■ **Recorded data**:

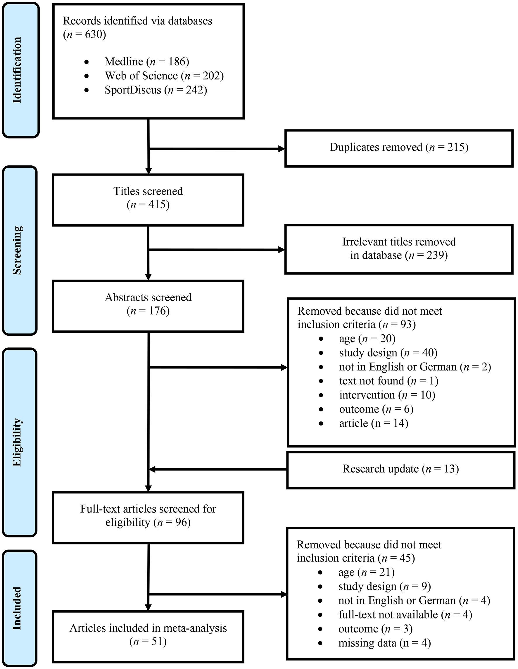 During the search process, 630 potential articles were identified (Figure 1). After removing duplicates, 415 titles were screened for eligibility. After this screening, 176 abstracts remained and were carefully studied regarding the inclusion criteria. After a research update for actuality, another 13 potential studies were included. The remaining 96 full texts were subjected to further review of which 45 were excluded due to exclusion criteria or miss-matching inclusion criteria. Four studies had to be removed due to missing data, meaning a lack of pre- and post-values. Finally, 51 articles were included in the meta-analysis.
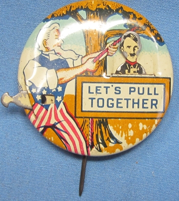 Item #69291 : Original period manufacture.Colorful, 40mm steel lithographed pin, "Let's Pull together". By pushing down on the small bar next to Uncle Sam, you help hoist Der Fuhrer up by his neck. Works fine. Evans Novelty Company, Chicago.
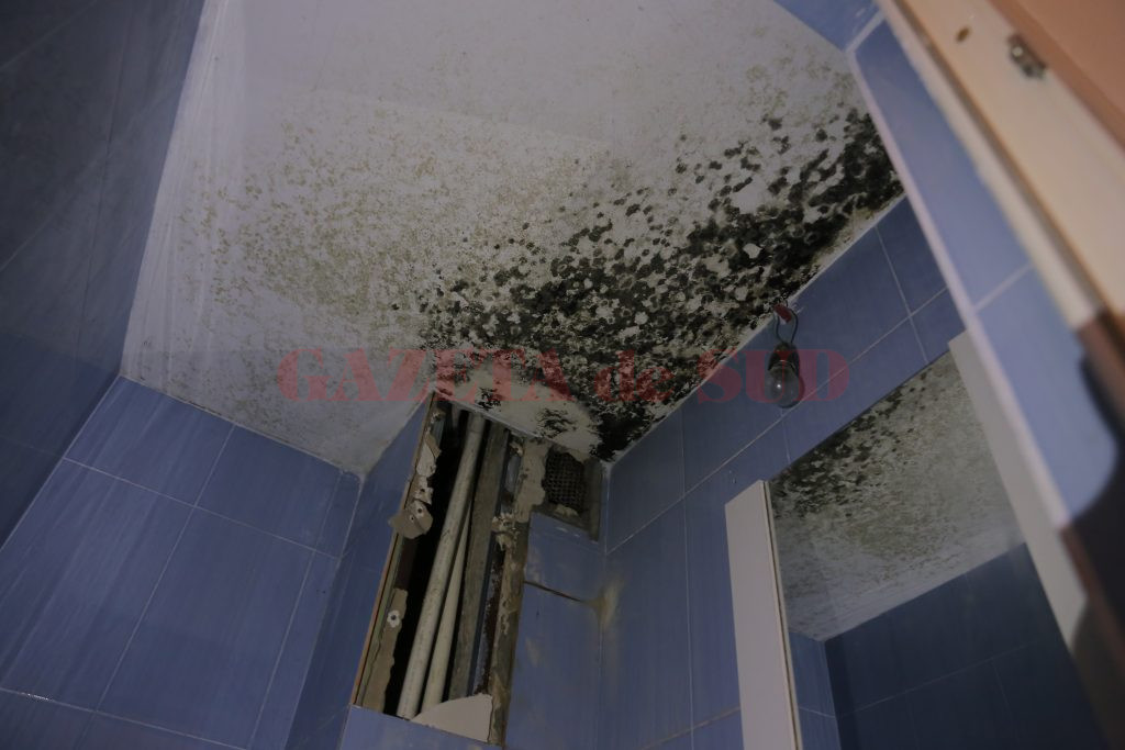 Într-adevăr, în apartamentul Adelei Crețu aerul este de nerespirat, persistă un miros greu de igrasie și mucegai care te sufocă. Peretele și tavanul de la bucătărie sunt îmbibate cu apă și se macină. Baia este distrusă, cu tavanul negru, plin cu pete de mucegai, iar infiltrațiile au degradat până și gresia. Aici nu poți să respiri pentru că te sufoci. Prin deschizătura de aerisire se văd conductele comune din polipropilenă pe care se prelinge apa.

■ **Brief**: Each line of the data above must be reproduced as written. Skip the pictures.

■ **Solved exercise**:
 During the search process, 630 potential articles were identified (Figure 1). After removing duplicates, 415 titles were screened for eligibility. After this screening, 176 abstracts remained and were carefully studied regarding the inclusion criteria. After a research update for actuality, another 13 potential studies were included. The remaining 96 full texts were subjected to further review of which 45 were excluded due to exclusion criteria or miss-matching inclusion criteria. Four studies had to be removed due to missing data, meaning a lack of pre- and post-values. Finally, 51 articles were included in the meta-analysis.
 Item #69291 : Original period manufacture.Colorful, 40mm steel lithographed pin, "Let's Pull together". By pushing down on the small bar next to Uncle Sam, you help hoist Der Fuhrer up by his neck. Works fine. Evans Novelty Company, Chicago.
 Într-adevăr, în apartamentul Adelei Crețu aerul este de nerespirat, persistă un miros greu de igrasie și mucegai care te sufocă. Peretele și tavanul de la bucătărie sunt îmbibate cu apă și se macină. Baia este distrusă, cu tavanul negru, plin cu pete de mucegai, iar infiltrațiile au degradat până și gresia. Aici nu poți să respiri pentru că te sufoci. Prin deschizătura de aerisire se văd conductele comune din polipropilenă pe care se prelinge apa.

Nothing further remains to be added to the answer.